What you need to do:
The full listing should be written out verbatim, and its images should be dropped.

Information shown:
[Start of Attachment]

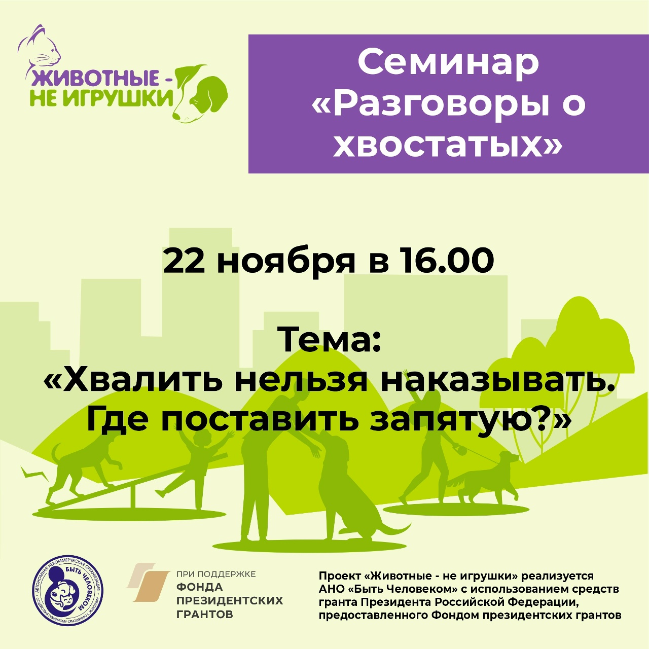 В 16:00 в Зооцентре на Московском пр., 49а пройдёт семинар о воспитании собак из цикла «Разговоры о хвостатых» (12+) в рамках проекта «Животные – не игрушки».
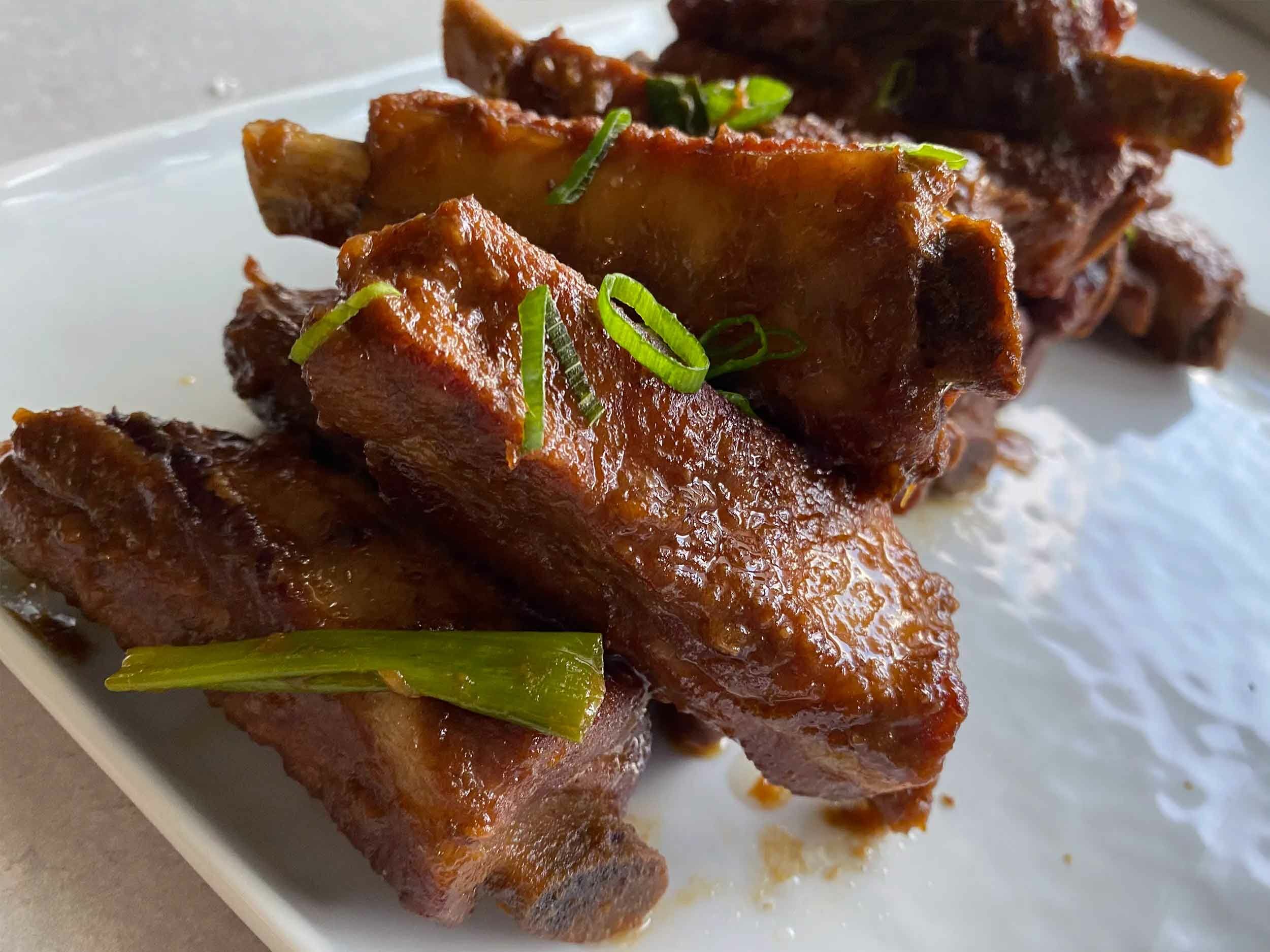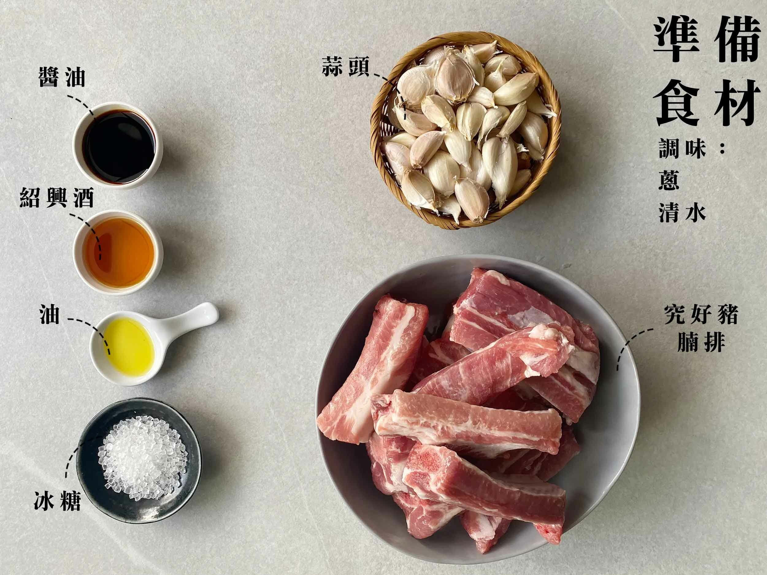 2.將腩排與醬油、紹興酒、冰糖醃製兩小時或一晚
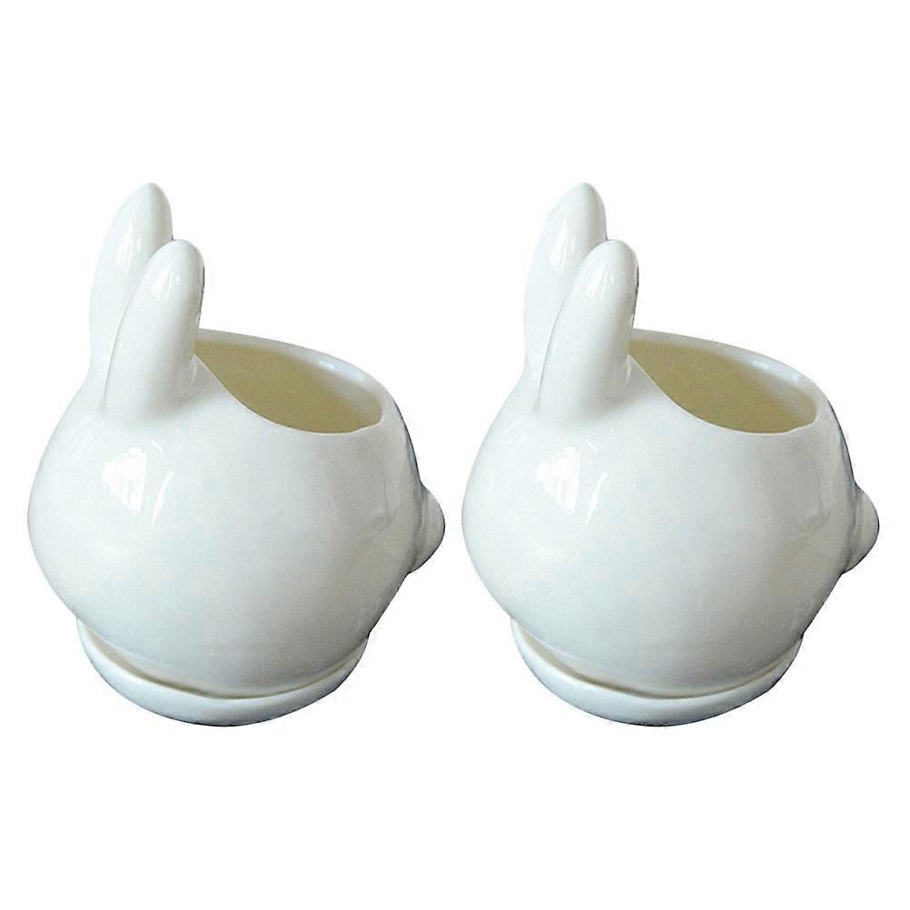 Succulent Plants Pot Rabbit Shape Flower Pot for Decor 2Pcs Ceramic Planter

[End of Attachment]

Answer for this exercise:
 В 16:00 в Зооцентре на Московском пр., 49а пройдёт семинар о воспитании собак из цикла «Разговоры о хвостатых» (12+) в рамках проекта «Животные – не игрушки».
 2.將腩排與醬油、紹興酒、冰糖醃製兩小時或一晚
 Succulent Plants Pot Rabbit Shape Flower Pot for Decor 2Pcs Ceramic Planter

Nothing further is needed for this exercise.